A biofilm is a community of cells organized in microcolonies, irreversibly attached to a surface and embedded in an organic polymer matrix of microbial origin formed at the interface between a liquid medium and a surface [1, 2]. Bacteria form biofilms in natural and industrial environments as a defense mechanism against antibacterial chemicals, environmental bacteriophages, and phagocytes. Biofilms are capable of developing on various surfaces, including living tissues, medical devices, pipelines in industrial or drinking water systems, and natural water sources. The solid-liquid interface provides an ideal environment for microorganisms to adhere and multiply [3].

The formation of biofilms is a complex and dynamic process that begins with the following steps: Planktonic bacteria are delivered to solid surfaces through hydrodynamic forces and mechanisms of physical or chemical adsorption. Extracellular structures such as flagella, folds, fimbriae or pili, and outer membrane proteins facilitate bacterial recognition and interaction with surfaces. These interactions are crucial for biofilm development as they allow bacterial cells to overcome long-range repulsive forces near the surface. Additionally, these processes are modulated by the physicochemical properties of the substrate surface, including factors such as charge and hydrophobicity. At this stage, bacteria typically show Brownian motion and can be easily removed from the surface by shear forces. Once initial attachment occurs, flagellar movement is restricted, and attached cells begin to produce extracellular polymeric substances (EPS) (Figure 1). EPS production shifts bacterial attachment from a reversible to an irreversible state. Due to the EPS matrix, these attached cells become increasingly difficult to detach from the surface. The composition of EPS varies depending on the bacterial species and growth conditions. As cells proliferate and accumulate more EPS, these micron-scale aggregates grow into mature biofilms, forming three-dimensional structures [4].
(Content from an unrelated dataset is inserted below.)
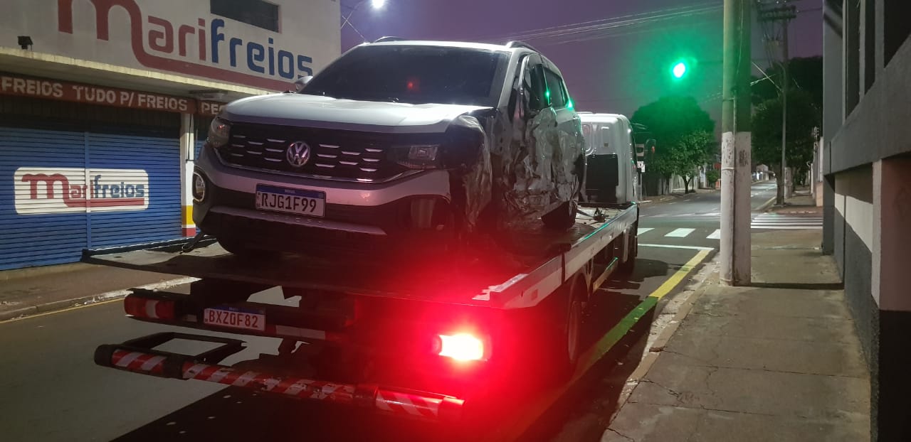 Por volta das 0h20, os policiais foram acionados com a informação de acidente de trânsito sem vítima. No local foi encontrado o veículo Volkswagen T-Cross Sense TSI AD, sem condutor.

The extracellular polymeric substances (EPS) play a critical role in biofilm architecture by anchoring biofilm cells and maintaining them in proximity. This close spatial arrangement promotes intense interactions, including intercellular communication and the establishment of synergistic micro-consortia [5]. The composition of EPS includes polysaccharides, proteins, extracellular DNA (eDNA), and lipids. The structural integrity of the biofilm matrix is preserved through non-covalent interactions, which are mediated by weak physicochemical forces between the components of the EPS [1].

2. Biofilms in industry

Impacts corrosion is a harmful process that occurs when metals undergo chemical or electrochemical reactions with their environment. This electrochemical phenomenon involves the release of electrons from the metal at anodic sites and their acquisition at cathodic sites [6, 7].
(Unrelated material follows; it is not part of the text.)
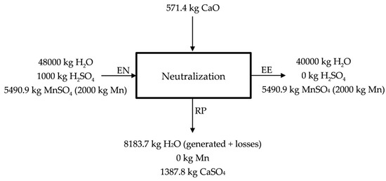Free acidity (pH < 1) is assumed at the entrance of the neutralization process (EN), while at the end of the neutralization pH = 6 is considered (~0 kg free H2SO4) (EE). The neutralization process is described in Figure 5. As neutralizing agent, CaO (s) is used, leaving a residue containing CaSO4 (s) hydrated and most of the impurities (Zn, Co, Cu and Ni) (RP) that could make impure the solution used in the obtaining of manganese by electrolysis. Lime (CaO) is proposed in Figure 5 as neutralizing agent, however, manganese carbonates and even lodes could be used as neutralizing agents. The MnSO4 (aq) solution that is enriched in Mn (50 g Mn/kg H2O) is sent to electrolysis. Part of the water would be recirculated in the process.

$M \to M^{2 +} + 2 e^{-} Anodic reaction$ E1

$1 / 2 O_{2} + H_{2} O + 2 e^{-} \to 2 {O H}^{-} Cathodic reaction at neutral or alkaline pH$ E2

Microbial Induced Corrosion (MIC) is a type of corrosion caused by the presence and activities of microorganisms, leading to the deterioration of both metallic and nonmetallic materials [7]. MIC is considered the direct cause of severe corrosion failures and leads to damage costs reaching billions of U.S. dollars annually. Microorganisms such as bacteria, fungi, archaea, and microalgae can directly or indirectly influence corrosion, depending on specific interactions between the microorganism, the material, and the electrolyte [8].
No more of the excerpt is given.